### YOUR INSTRUCTIONS
Write down exactly the lines from the one below that has "同じ名前のレコードが複数ある" to the end of the data, both ends included; the pictures should not appear in your copy.

————

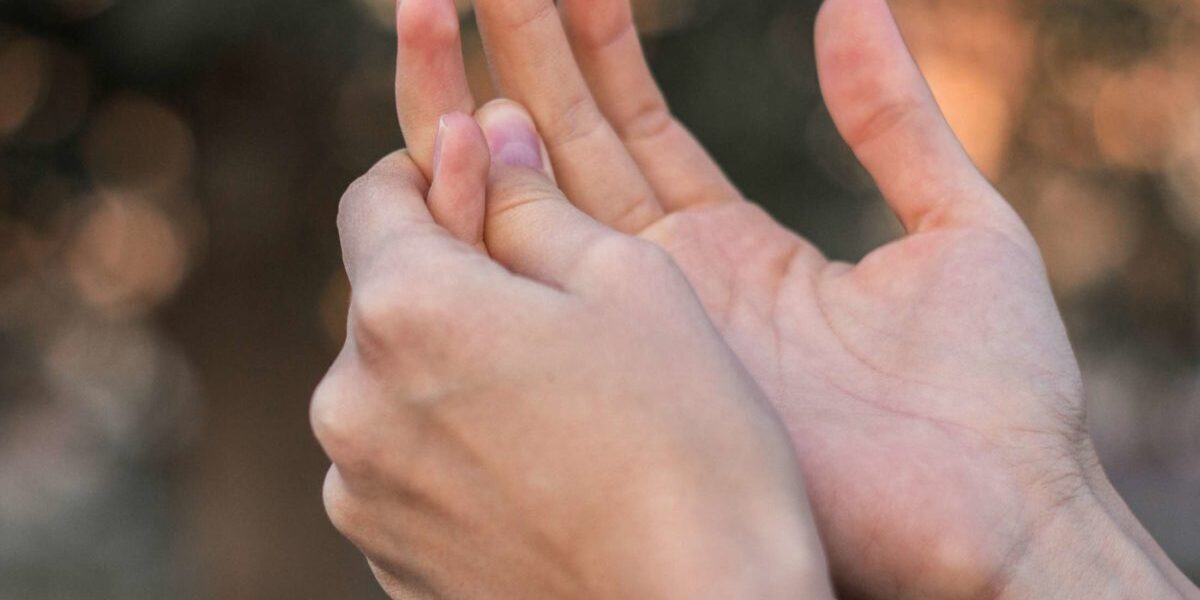 - Use el dedo índice y el pulgar para estirar la piel del dedo hacia la mano.
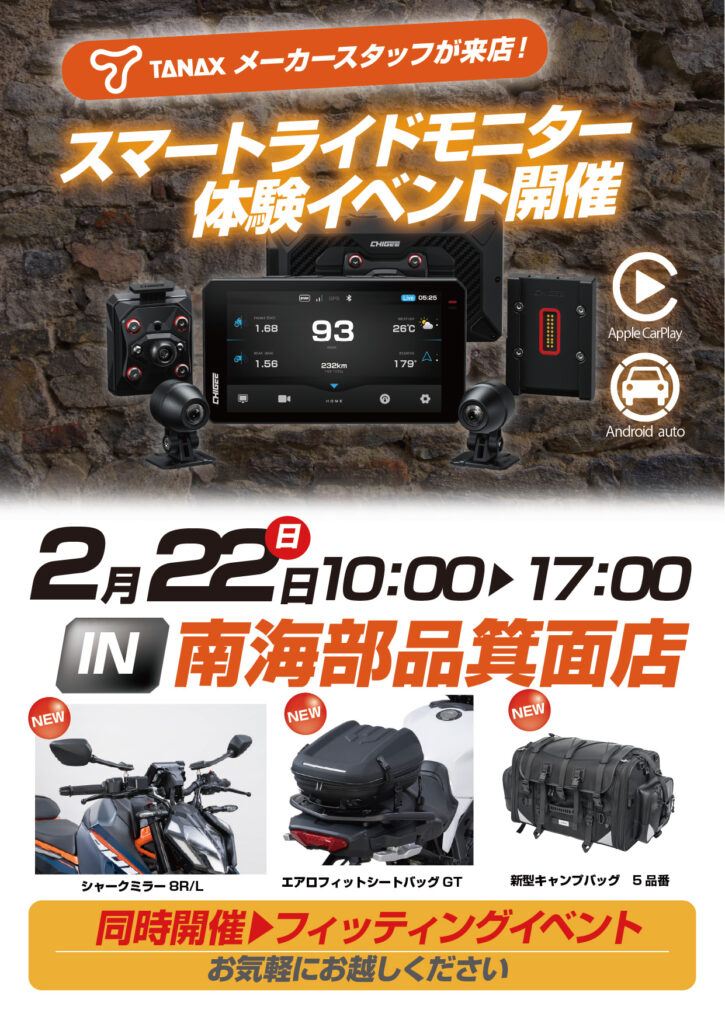 2/22(日)  南海部品箕面店 タナックス展示イベント開催いたします!
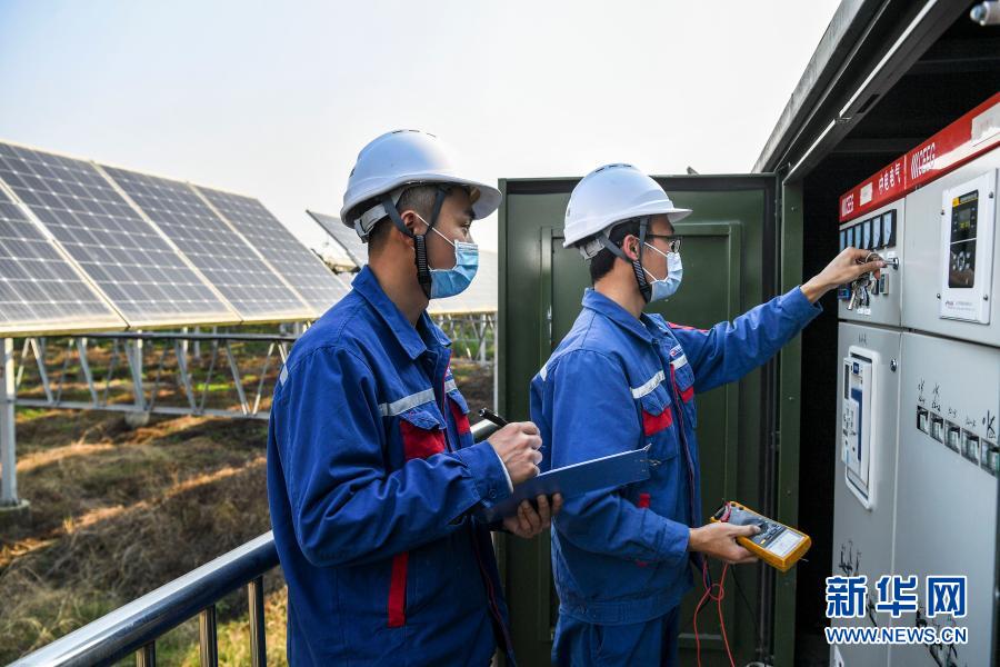 1月15日,在广西桂平市蒙圩镇玉柴农光互补光伏发电项目,工作人员在检查设备。新华社记者 曹祎铭 摄
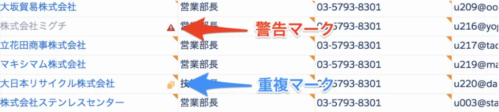 同じ名前のレコードが複数ある場合は重複マークが表示されます。マークが表示されているセルをダブルクリックして虫眼鏡アイコンをクリックすると、リンクしたいレコードが選択できます。
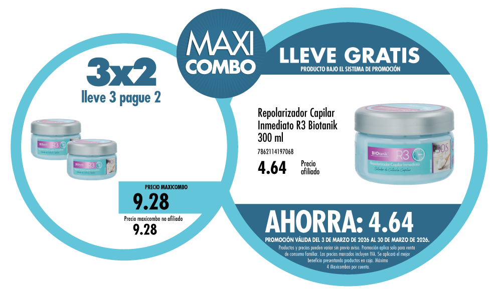 Maxicombo 3×2 -50. Disponible en nuestros locales. Precio y stock pueden variar según la tienda.

————

### RESPONSE
 同じ名前のレコードが複数ある場合は重複マークが表示されます。マークが表示されているセルをダブルクリックして虫眼鏡アイコンをクリックすると、リンクしたいレコードが選択できます。
 Maxicombo 3×2 -50. Disponible en nuestros locales. Precio y stock pueden variar según la tienda.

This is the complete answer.